Agent Execution Pattern

class AgentRunner:
    """Executes agent actions using LLM."""

    def __init__(self, instance: AgentInstance, llm_gateway: LLMGateway):
        self.instance = instance
        self.llm = llm_gateway

    async def execute(self, action: str, context: dict) -> dict:
        """Execute an action using the agent's configured model."""
        agent_type = await self.get_agent_type(self.instance.agent_type_id)

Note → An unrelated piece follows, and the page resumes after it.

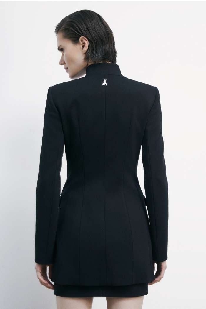 Lo spirito officer di Patrizia Pepe si reinventa nei volumi essenziali della giacca aderente con collo alla coreana in punto stoffa stretch. Strutturata e dal design scultoreo, avvolge la silhouette con grinta. Pensata in total look con la mini gonna coordinata, crea un look statement dove maschile e femminile si fondono in un gioco di contrasti glamour.
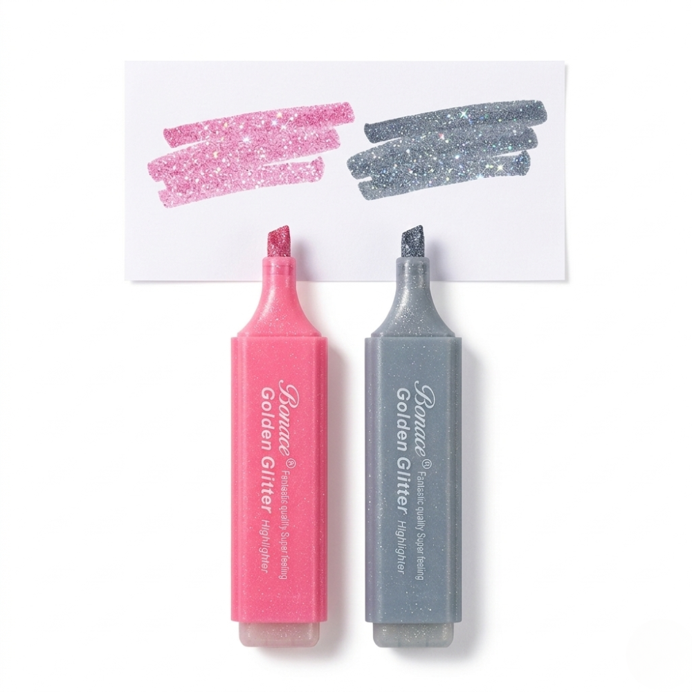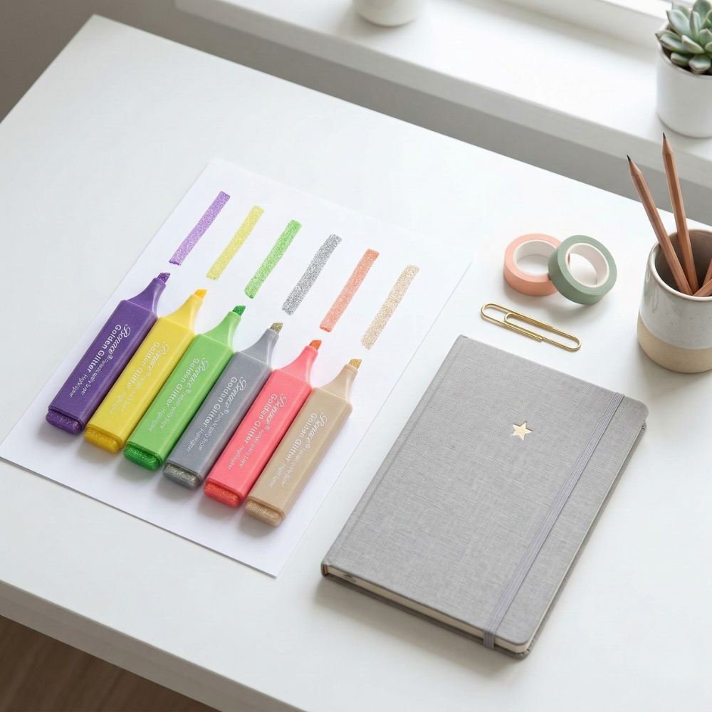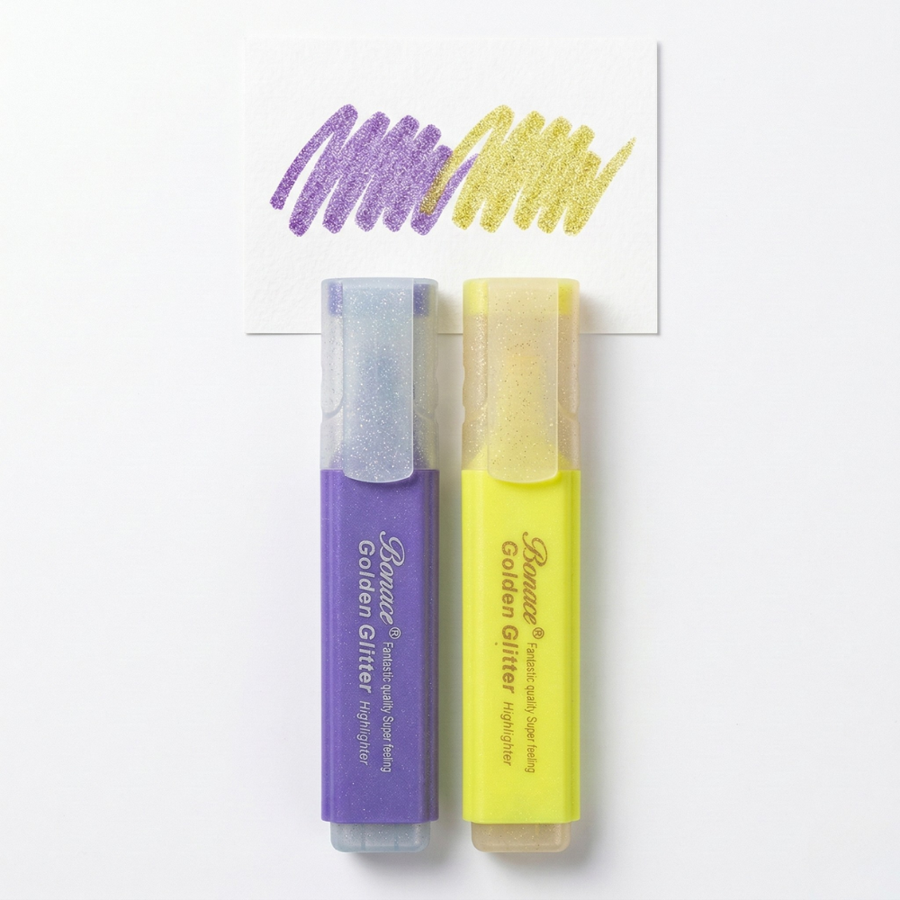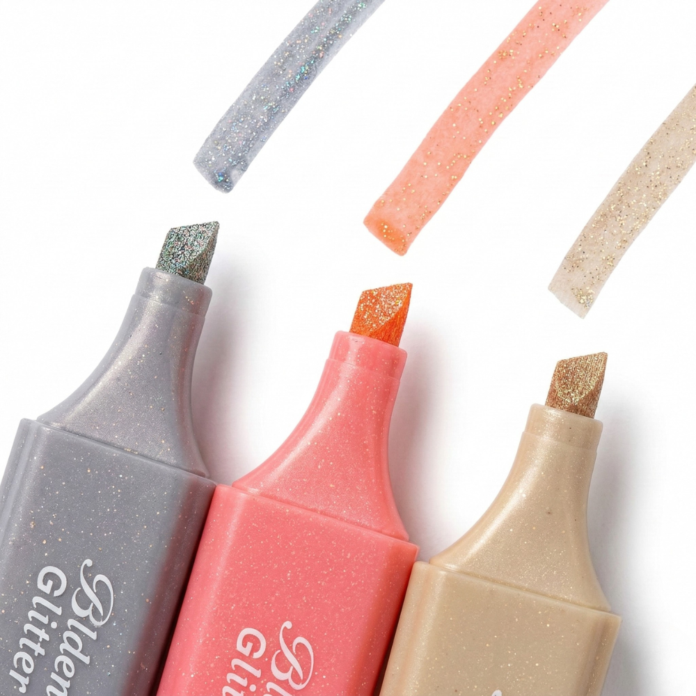 من أهم ما يميز طقم أقلام هايلايتر جليتر هو الحبر المميز الذي يحتوي على جليتر خفيف يعطي تأثيرًا لامعًا جميلًا. هذا التأثير لا يجعل النص غير واضح بل يضيف لمسة جمالية بسيطة تجعل التظليل يبدو أكثر أناقة.

        # Build messages with system prompt and context
        messages = [
            {"role": "system", "content": self._build_system_prompt(agent_type)},
            *self._get_conversation_history(),
            {"role": "user", "content": self._build_action_prompt(action, context)}
        ]

        # Add RAG context if available
        if self.instance.rag_collection_id:
            rag_context = await self._query_rag(action, context)
            messages.insert(1, {
                "role": "system",
                "content": f"Relevant context:\n{rag_context}"
            })

        # Execute with failover
        response = await self.llm.complete(
            agent_id=str(self.instance.id),
            project_id=str(self.instance.project_id),
            messages=messages,
            model_preference=self._get_model_preference(agent_type)
        )

        # Update instance context
        self.instance.context = {
            **self.instance.context,
            "last_action": action,
            "last_response_at": datetime.utcnow().isoformat()
        }

        return response

Agent Roles

Role Instances Primary Capabilities
Product Owner 1 requirements, prioritization, client_communication
Project Manager 1 planning, tracking, coordination
Business Analyst 1 analysis, documentation, process_modeling
Software Architect 1 design, architecture_decisions, tech_selection
Software Engineer 1-5 code_generation, code_review, testing
UI/UX Designer 1 design, wireframes, accessibility
QA Engineer 1-2 test_planning, test_automation, bug_reporting
DevOps Engineer 1 cicd, infrastructure, deployment
AI/ML Engineer 1 ml_development, model_training, mlops
Security Expert 1 security_review, vulnerability_assessment

Consequences

Positive

  • Clear separation between type definition and instance runtime
  • Multiple instances share type configuration (DRY)
  • Easy to add new agent roles
  • Full observability through events
  • Graceful failure handling with model failover

Negative

  • Complexity in managing instance lifecycle
  • State synchronization across instances
  • Memory overhead for context storage

Mitigation

  • Context archival for long-running instances
  • Periodic cleanup of terminated instances
  • State compression for large contexts

Compliance

This decision aligns with:

  • FR-101: Agent type configuration
  • FR-102: Agent instance spawning
  • FR-103: Agent domain knowledge (RAG)
  • FR-104: Inter-agent communication
  • FR-105: Agent activity monitoring

This ADR establishes the agent orchestration architecture for Syndarix.